When Culture Meets Fiqh: Examining the Legal Authority of ʿUrf in Contemporary Engagement Traditions

Authors

  • Abdul mustafa Author
  • Muhammad ishaque Author
  • Rehan Raza Author
  • samiullah Author
  • Muhammad Irfan Raza Author

DOI:

https://doi.org/10.65960/girj.1.1.2025.6

Keywords:

ʿurf, Islamic jurisprudence, engagement practices, maqāṣid al-Sharīʿah, legal pluralism
Abstract This article examines the legal authority of ʿurf (custom) in Islamic jurisprudence through an analysis of contemporary engagement practices in Muslim societies. While classical fiqh has long recognized custom as a subsidiary source of legal reasoning, its application in modern social contexts—particularly in matters of gender interaction and pre-marital rituals—remains contested. Employing a qualitative doctrinal and socio-legal methodology, the study analyzes classical uṣūl al-fiqh literature alongside contemporary juristic discourse to clarify the conditions under which ʿurf attains legal relevance.
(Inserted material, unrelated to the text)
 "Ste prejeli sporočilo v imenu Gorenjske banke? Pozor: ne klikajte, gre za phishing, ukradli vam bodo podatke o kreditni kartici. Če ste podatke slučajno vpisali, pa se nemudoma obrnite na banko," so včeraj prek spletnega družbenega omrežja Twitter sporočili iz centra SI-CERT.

The article argues that ʿurf functions as a disciplined interpretive mechanism rather than an ad hoc concession, provided it does not contradict explicit textual injunctions or the objectives of Sharīʿah (maqāṣid al-Sharīʿah). Focusing on engagement rituals such as public ceremonies, gift exchange, and ring exchange, the study demonstrates that juristic disagreement arises not from rejection of textual authority but from differing assessments of social meaning, moral risk, and the effective cause (ʿillah) underlying classical prohibitions. The findings show that when engagement practices are publicly regulated, non-sexual, and ethically constrained, contemporary juristic reasoning may accommodate them without undermining moral order. From a maqāṣid perspective, recognizing morally regulated custom contributes to social coherence, reduces hardship, and facilitates lawful pathways to marriage. The article concludes that Islamic jurisprudence possesses internal mechanisms that enable principled engagement with cultural change, reaffirming fiqh as a dynamic yet normatively grounded legal tradition.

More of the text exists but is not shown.